# Task instructions
When you reach the line containing "圖4.(a,b)不同放大率下" in the records below, start copying exactly, and stop once you have copied the line containing "ここで登録した情報は、LIN".

# The input
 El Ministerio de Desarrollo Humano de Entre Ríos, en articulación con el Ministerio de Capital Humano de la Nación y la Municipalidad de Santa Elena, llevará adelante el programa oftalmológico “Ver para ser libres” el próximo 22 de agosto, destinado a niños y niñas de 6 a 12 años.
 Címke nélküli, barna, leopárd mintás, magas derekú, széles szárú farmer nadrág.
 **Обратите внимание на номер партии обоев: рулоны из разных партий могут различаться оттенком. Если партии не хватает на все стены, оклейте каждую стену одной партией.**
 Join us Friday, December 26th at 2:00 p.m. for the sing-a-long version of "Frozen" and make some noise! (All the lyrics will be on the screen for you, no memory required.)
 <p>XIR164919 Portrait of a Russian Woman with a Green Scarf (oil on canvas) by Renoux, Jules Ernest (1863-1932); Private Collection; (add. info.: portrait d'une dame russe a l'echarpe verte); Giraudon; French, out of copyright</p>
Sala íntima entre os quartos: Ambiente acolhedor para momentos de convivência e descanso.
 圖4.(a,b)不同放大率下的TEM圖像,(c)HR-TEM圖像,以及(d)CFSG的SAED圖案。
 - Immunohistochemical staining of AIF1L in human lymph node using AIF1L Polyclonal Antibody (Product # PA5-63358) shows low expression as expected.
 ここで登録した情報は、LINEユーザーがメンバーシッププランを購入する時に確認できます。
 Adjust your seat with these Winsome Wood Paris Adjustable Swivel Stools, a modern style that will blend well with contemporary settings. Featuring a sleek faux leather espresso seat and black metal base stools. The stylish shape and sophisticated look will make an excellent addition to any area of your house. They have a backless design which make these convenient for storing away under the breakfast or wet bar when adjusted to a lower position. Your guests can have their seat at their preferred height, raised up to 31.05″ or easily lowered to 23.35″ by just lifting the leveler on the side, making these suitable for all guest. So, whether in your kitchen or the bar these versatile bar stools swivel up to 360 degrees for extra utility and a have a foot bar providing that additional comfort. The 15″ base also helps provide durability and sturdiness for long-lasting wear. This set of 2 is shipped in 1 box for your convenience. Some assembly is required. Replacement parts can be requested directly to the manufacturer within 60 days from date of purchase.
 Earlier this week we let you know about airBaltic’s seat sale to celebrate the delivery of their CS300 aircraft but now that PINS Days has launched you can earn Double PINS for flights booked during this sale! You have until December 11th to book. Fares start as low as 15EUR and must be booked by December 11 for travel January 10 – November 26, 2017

# Reply
 圖4.(a,b)不同放大率下的TEM圖像,(c)HR-TEM圖像,以及(d)CFSG的SAED圖案。
 - Immunohistochemical staining of AIF1L in human lymph node using AIF1L Polyclonal Antibody (Product # PA5-63358) shows low expression as expected.
 ここで登録した情報は、LINEユーザーがメンバーシッププランを購入する時に確認できます。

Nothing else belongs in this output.